What’s the antidote to the gritty and gloomy DC movies of the last few years? Colors. Lots and lots of colors. Starting with the underwater neon of 2018’s Aquaman, DC has started to finally let its movies come alive with a color palate other than black, gray, and blue. The most recent entry to reject gloom is Birds of Prey (and the Fantabulous Emancipation of One Harley Quinn), spinning off Harley Quinn (Suicide Squad) into her own story of mayhem. It’s mostly successful, bringing together a charming cast of women (and a few men) and a relatively simple plot that doesn’t wear out its welcome given the film’s relatively short runtime. 

Birds of Prey has a difficult task of setting up a new series while technically continuing threads of a different one. Introduced in Suicide Squad, Margot Robbie’s Harley Quinn was both girlfriend and henchwoman to Jared Leto’s Joker. Striking out on her own in Birds of Prey after a bad breakup, Harley realizes that without the protection of the Joker, she’s a target for every scumbag in Gotham. The one who is most successful at getting to her is Roman Sionis (Ewan McGregor), a pampered mobster who has aspirations to control Gotham beyond just his own territory in the west end. 

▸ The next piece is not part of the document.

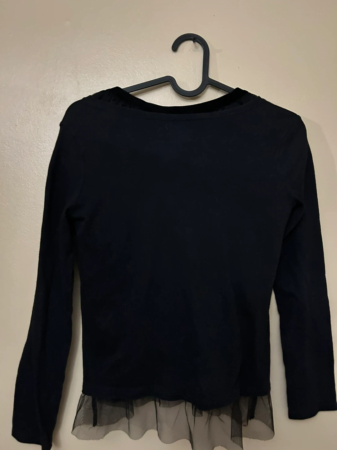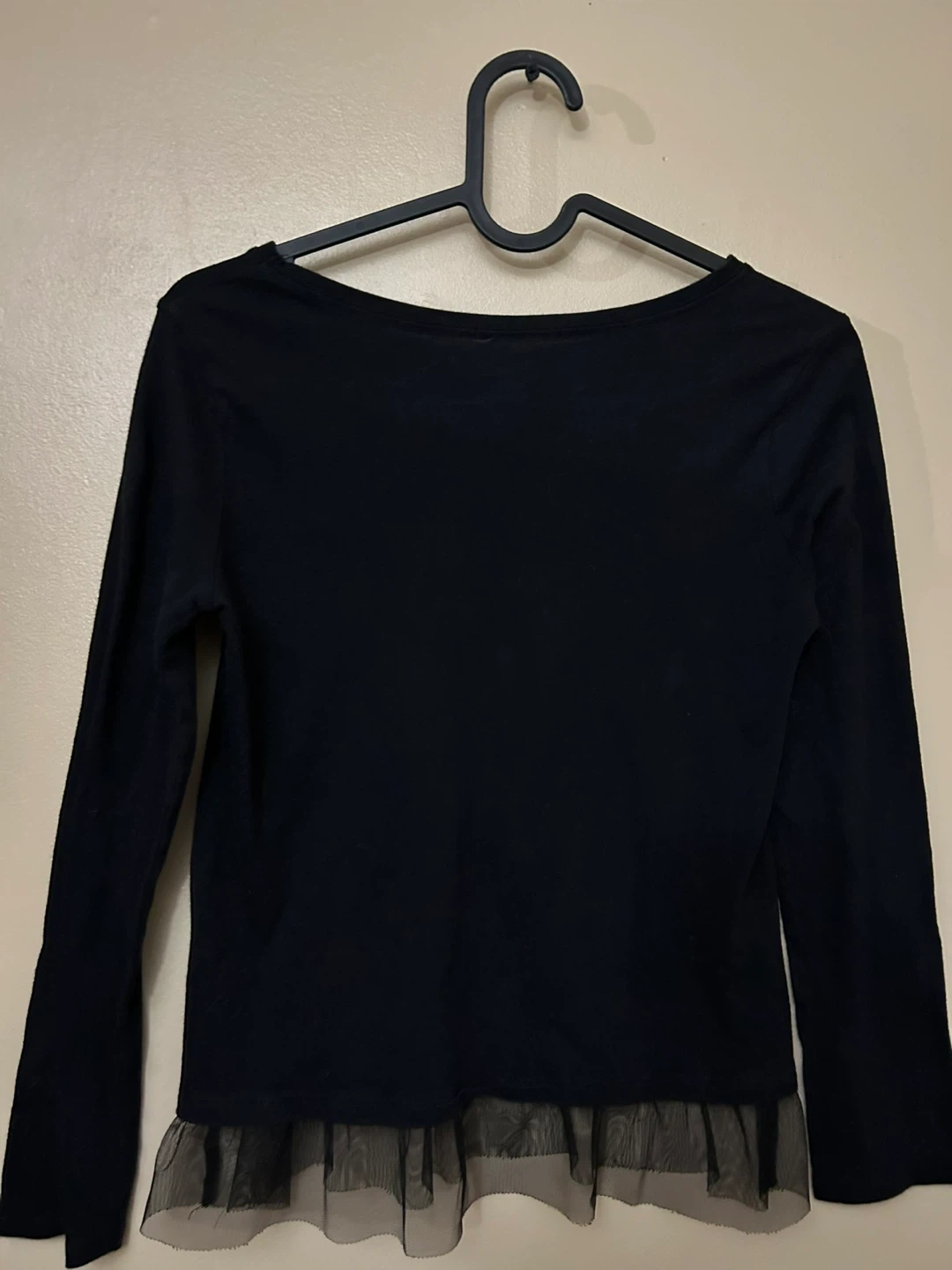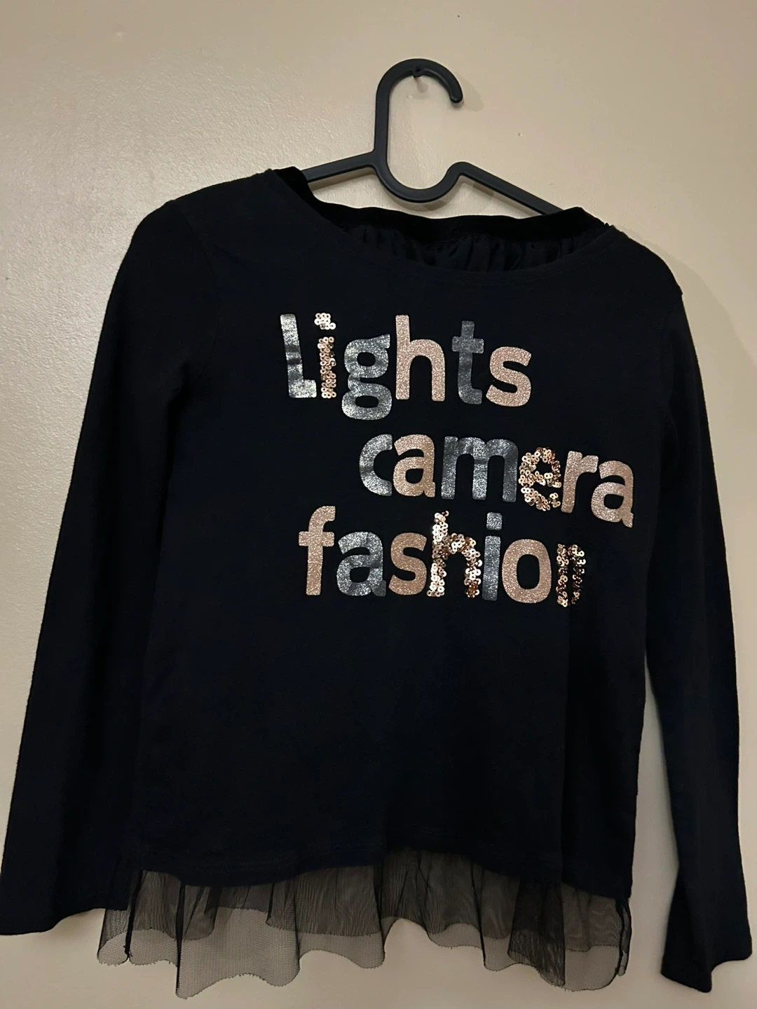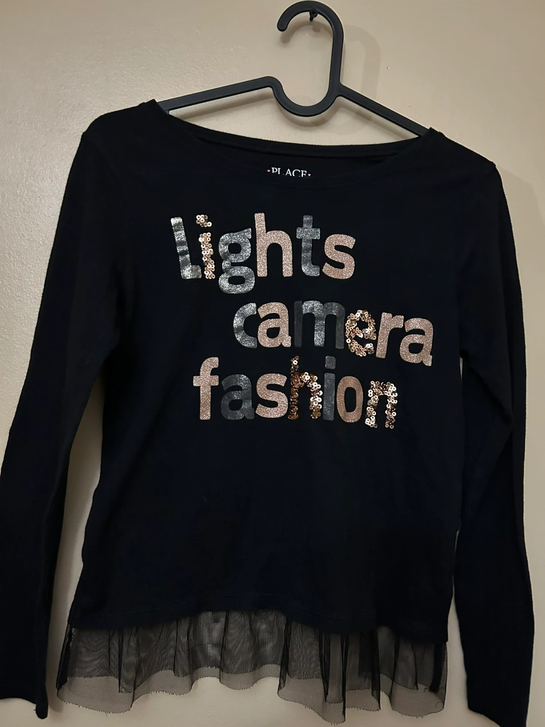 This is a Children's Place girls' black long-sleeve top featuring 'lights camera fashion' in gold and silver sequins with a decorative mesh hem, perfect for adding some sparkle to her wardrobe; note that it is in used condition.

By far, the most interesting aspect of Birds of Prey is how it eschews a typical team dynamic in favor of separate stories that eventually weave together for a third act showdown. Some may be disappointed by this, but I found it a generous way of giving each character their own story even though Harley is the one driving the entire thing. For example, even though we don’t know much about Cassandra Cain (Ella Jay Basco) other than she’s a talented teenage thief and has lots of trouble at home with possibly abusive parents, the movie wisely puts her apartment in the same building as Dinah Lance / Black Canary (Jurnee Smollett-Bell), a singer in Roman’s club. This gives both women a reason to interact entirely outside of the main plot. The same is done for Renee Montoya, a detective who is investigating Roman and has Harley in her crosshairs. Building the underworld of Gotham this way gives each character room to show personality. The most effective way this is employed is, oddly, in the storyline that barely intersects with any others. Mary Elizabeth Winstead plays Helena Bertinelli/Huntress, and she’s easily got some of the best moments in the movie. She is also used expertly as a commentary on the recent slate of gritty DC movies.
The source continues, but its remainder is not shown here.